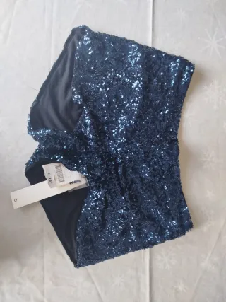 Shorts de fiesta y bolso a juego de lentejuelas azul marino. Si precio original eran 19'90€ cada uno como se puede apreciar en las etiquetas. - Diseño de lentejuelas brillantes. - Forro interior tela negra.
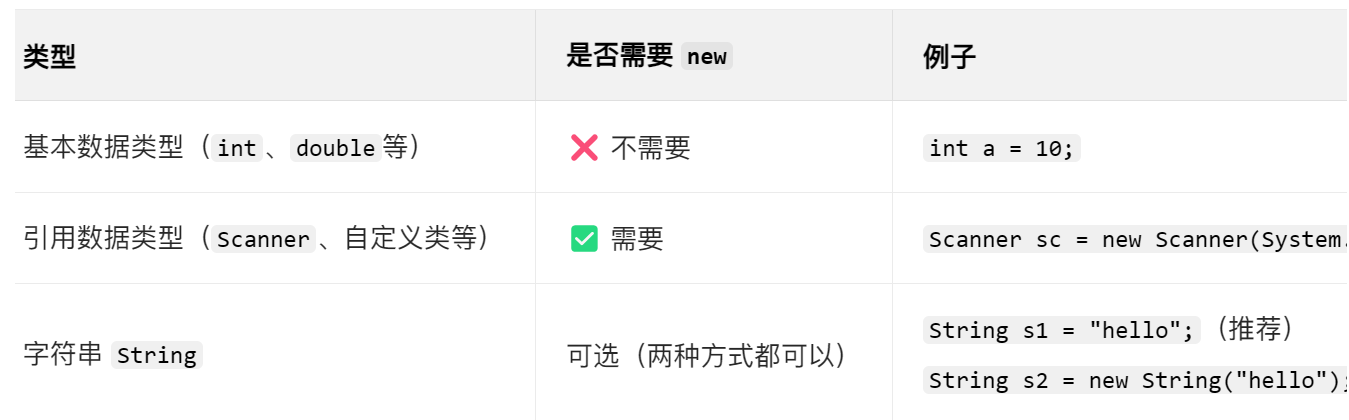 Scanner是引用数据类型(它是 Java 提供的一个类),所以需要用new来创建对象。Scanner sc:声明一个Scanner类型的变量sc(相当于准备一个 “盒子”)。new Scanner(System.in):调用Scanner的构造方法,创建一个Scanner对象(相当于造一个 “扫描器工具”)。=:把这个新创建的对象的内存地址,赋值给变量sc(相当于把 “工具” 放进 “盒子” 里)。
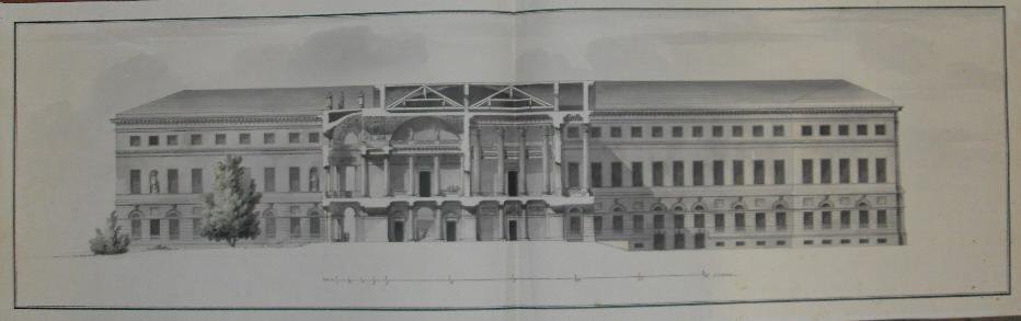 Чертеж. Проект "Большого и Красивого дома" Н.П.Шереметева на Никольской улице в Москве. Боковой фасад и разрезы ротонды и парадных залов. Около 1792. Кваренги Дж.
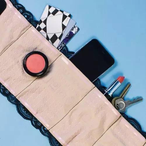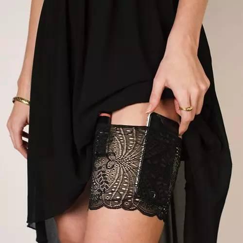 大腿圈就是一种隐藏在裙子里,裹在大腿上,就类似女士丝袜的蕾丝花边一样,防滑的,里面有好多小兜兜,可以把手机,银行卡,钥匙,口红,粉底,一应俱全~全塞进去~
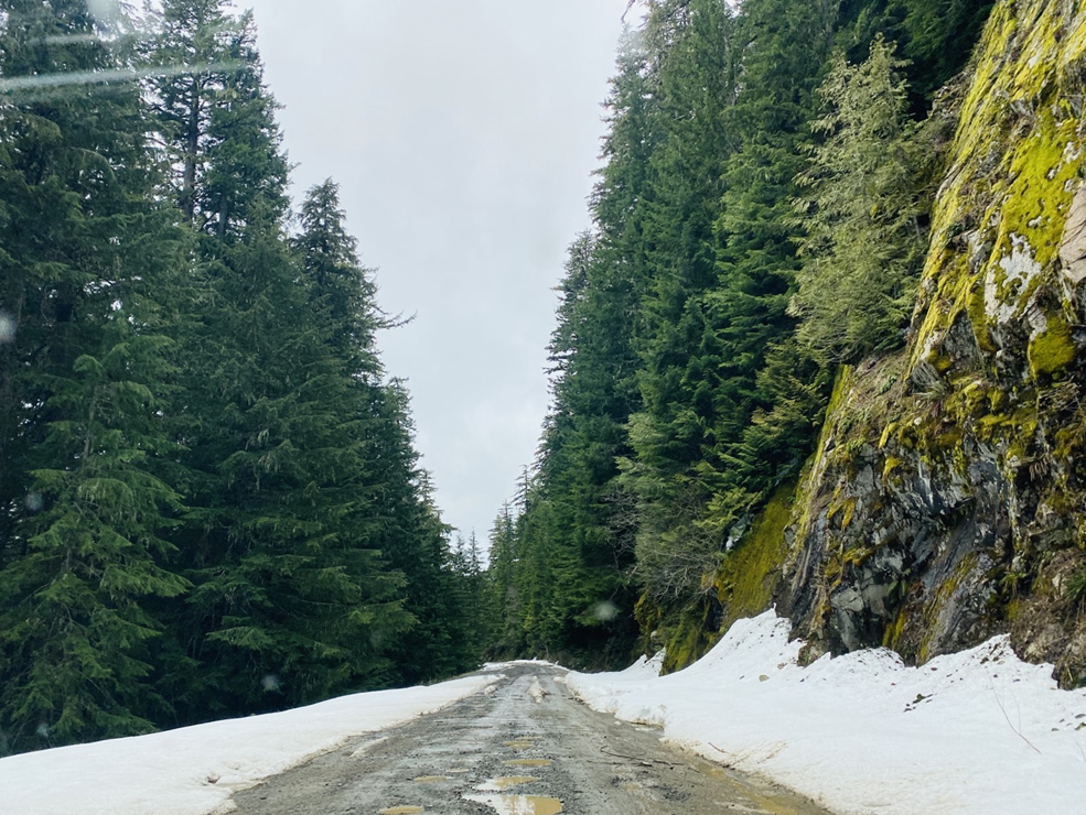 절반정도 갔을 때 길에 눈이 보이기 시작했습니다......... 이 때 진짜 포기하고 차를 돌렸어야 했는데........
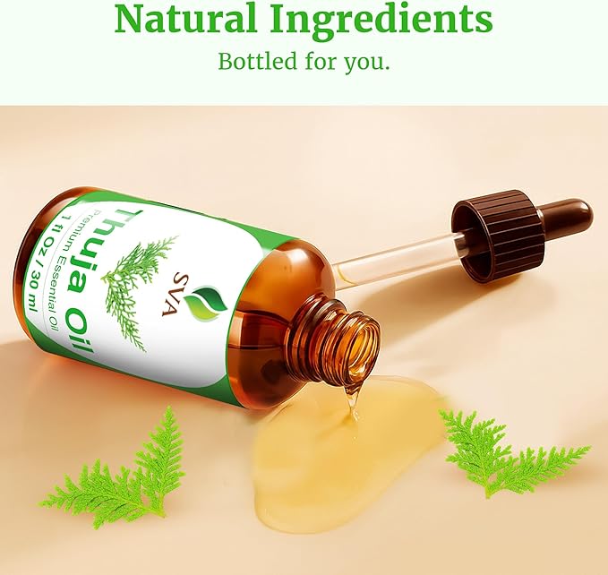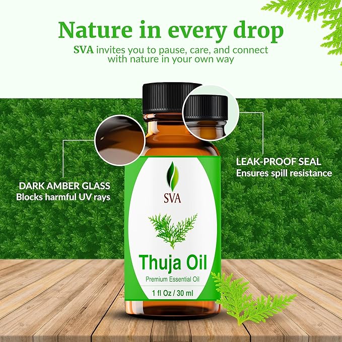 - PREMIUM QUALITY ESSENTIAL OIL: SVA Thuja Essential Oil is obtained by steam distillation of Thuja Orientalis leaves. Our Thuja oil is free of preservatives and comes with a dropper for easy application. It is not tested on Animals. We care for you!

- WHAT IS EXPECTED
Every line from the one with "Scanner是引用数据类型(它是 Java 提供的一个类),所以需要用new来创建对象。Scanner" to the end of the records above should be restated word for word, and no picture belongs in the copy.

- RESULT
 Scanner是引用数据类型(它是 Java 提供的一个类),所以需要用new来创建对象。Scanner sc:声明一个Scanner类型的变量sc(相当于准备一个 “盒子”)。new Scanner(System.in):调用Scanner的构造方法,创建一个Scanner对象(相当于造一个 “扫描器工具”)。=:把这个新创建的对象的内存地址,赋值给变量sc(相当于把 “工具” 放进 “盒子” 里)。
 Чертеж. Проект "Большого и Красивого дома" Н.П.Шереметева на Никольской улице в Москве. Боковой фасад и разрезы ротонды и парадных залов. Около 1792. Кваренги Дж.
 大腿圈就是一种隐藏在裙子里,裹在大腿上,就类似女士丝袜的蕾丝花边一样,防滑的,里面有好多小兜兜,可以把手机,银行卡,钥匙,口红,粉底,一应俱全~全塞进去~
 절반정도 갔을 때 길에 눈이 보이기 시작했습니다......... 이 때 진짜 포기하고 차를 돌렸어야 했는데........
 - PREMIUM QUALITY ESSENTIAL OIL: SVA Thuja Essential Oil is obtained by steam distillation of Thuja Orientalis leaves. Our Thuja oil is free of preservatives and comes with a dropper for easy application. It is not tested on Animals. We care for you!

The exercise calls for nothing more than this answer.